=== Exercise requirements ===
Output each entry exactly as written.

++++ Data to examine

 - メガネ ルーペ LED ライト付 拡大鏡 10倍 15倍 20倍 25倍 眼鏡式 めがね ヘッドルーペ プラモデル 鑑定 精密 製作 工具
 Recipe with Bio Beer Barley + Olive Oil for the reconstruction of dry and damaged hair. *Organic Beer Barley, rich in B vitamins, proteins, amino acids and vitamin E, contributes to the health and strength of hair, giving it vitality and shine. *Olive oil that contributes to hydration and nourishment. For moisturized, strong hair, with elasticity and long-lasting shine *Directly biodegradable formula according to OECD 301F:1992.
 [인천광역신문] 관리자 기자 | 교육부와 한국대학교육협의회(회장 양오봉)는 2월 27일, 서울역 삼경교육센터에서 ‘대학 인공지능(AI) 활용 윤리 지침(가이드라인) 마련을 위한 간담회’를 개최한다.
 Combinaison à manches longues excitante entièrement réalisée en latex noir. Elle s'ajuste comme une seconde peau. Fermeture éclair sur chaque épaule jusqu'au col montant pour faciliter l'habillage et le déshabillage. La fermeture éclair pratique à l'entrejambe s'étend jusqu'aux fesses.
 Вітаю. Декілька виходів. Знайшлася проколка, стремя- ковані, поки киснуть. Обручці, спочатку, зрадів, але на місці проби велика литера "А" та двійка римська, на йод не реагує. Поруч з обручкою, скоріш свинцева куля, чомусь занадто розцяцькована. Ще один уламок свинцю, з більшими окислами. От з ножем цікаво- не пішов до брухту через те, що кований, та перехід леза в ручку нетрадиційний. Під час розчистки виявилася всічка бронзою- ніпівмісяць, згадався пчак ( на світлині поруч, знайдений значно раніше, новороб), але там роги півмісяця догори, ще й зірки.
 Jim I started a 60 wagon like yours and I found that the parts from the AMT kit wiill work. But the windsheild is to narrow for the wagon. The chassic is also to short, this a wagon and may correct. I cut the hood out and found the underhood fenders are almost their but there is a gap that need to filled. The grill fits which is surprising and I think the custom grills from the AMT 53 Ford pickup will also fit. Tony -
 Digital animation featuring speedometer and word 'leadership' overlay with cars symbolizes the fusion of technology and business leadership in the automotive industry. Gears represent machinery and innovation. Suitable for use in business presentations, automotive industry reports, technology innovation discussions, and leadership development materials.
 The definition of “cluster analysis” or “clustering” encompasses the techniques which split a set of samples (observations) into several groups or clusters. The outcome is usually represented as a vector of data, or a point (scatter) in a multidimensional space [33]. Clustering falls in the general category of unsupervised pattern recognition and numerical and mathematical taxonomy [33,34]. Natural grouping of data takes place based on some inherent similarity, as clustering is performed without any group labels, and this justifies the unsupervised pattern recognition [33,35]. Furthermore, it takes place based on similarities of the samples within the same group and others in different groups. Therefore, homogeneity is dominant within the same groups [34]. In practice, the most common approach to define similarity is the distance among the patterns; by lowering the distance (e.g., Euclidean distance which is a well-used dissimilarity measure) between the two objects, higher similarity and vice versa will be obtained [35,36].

++++++++

=== Result for this exercise ===
 - メガネ ルーペ LED ライト付 拡大鏡 10倍 15倍 20倍 25倍 眼鏡式 めがね ヘッドルーペ プラモデル 鑑定 精密 製作 工具
 Recipe with Bio Beer Barley + Olive Oil for the reconstruction of dry and damaged hair. *Organic Beer Barley, rich in B vitamins, proteins, amino acids and vitamin E, contributes to the health and strength of hair, giving it vitality and shine. *Olive oil that contributes to hydration and nourishment. For moisturized, strong hair, with elasticity and long-lasting shine *Directly biodegradable formula according to OECD 301F:1992.
 [인천광역신문] 관리자 기자 | 교육부와 한국대학교육협의회(회장 양오봉)는 2월 27일, 서울역 삼경교육센터에서 ‘대학 인공지능(AI) 활용 윤리 지침(가이드라인) 마련을 위한 간담회’를 개최한다.
 Combinaison à manches longues excitante entièrement réalisée en latex noir. Elle s'ajuste comme une seconde peau. Fermeture éclair sur chaque épaule jusqu'au col montant pour faciliter l'habillage et le déshabillage. La fermeture éclair pratique à l'entrejambe s'étend jusqu'aux fesses.
 Вітаю. Декілька виходів. Знайшлася проколка, стремя- ковані, поки киснуть. Обручці, спочатку, зрадів, але на місці проби велика литера "А" та двійка римська, на йод не реагує. Поруч з обручкою, скоріш свинцева куля, чомусь занадто розцяцькована. Ще один уламок свинцю, з більшими окислами. От з ножем цікаво- не пішов до брухту через те, що кований, та перехід леза в ручку нетрадиційний. Під час розчистки виявилася всічка бронзою- ніпівмісяць, згадався пчак ( на світлині поруч, знайдений значно раніше, новороб), але там роги півмісяця догори, ще й зірки.
 Jim I started a 60 wagon like yours and I found that the parts from the AMT kit wiill work. But the windsheild is to narrow for the wagon. The chassic is also to short, this a wagon and may correct. I cut the hood out and found the underhood fenders are almost their but there is a gap that need to filled. The grill fits which is surprising and I think the custom grills from the AMT 53 Ford pickup will also fit. Tony -
 Digital animation featuring speedometer and word 'leadership' overlay with cars symbolizes the fusion of technology and business leadership in the automotive industry. Gears represent machinery and innovation. Suitable for use in business presentations, automotive industry reports, technology innovation discussions, and leadership development materials.
 The definition of “cluster analysis” or “clustering” encompasses the techniques which split a set of samples (observations) into several groups or clusters. The outcome is usually represented as a vector of data, or a point (scatter) in a multidimensional space [33]. Clustering falls in the general category of unsupervised pattern recognition and numerical and mathematical taxonomy [33,34]. Natural grouping of data takes place based on some inherent similarity, as clustering is performed without any group labels, and this justifies the unsupervised pattern recognition [33,35]. Furthermore, it takes place based on similarities of the samples within the same group and others in different groups. Therefore, homogeneity is dominant within the same groups [34]. In practice, the most common approach to define similarity is the distance among the patterns; by lowering the distance (e.g., Euclidean distance which is a well-used dissimilarity measure) between the two objects, higher similarity and vice versa will be obtained [35,36].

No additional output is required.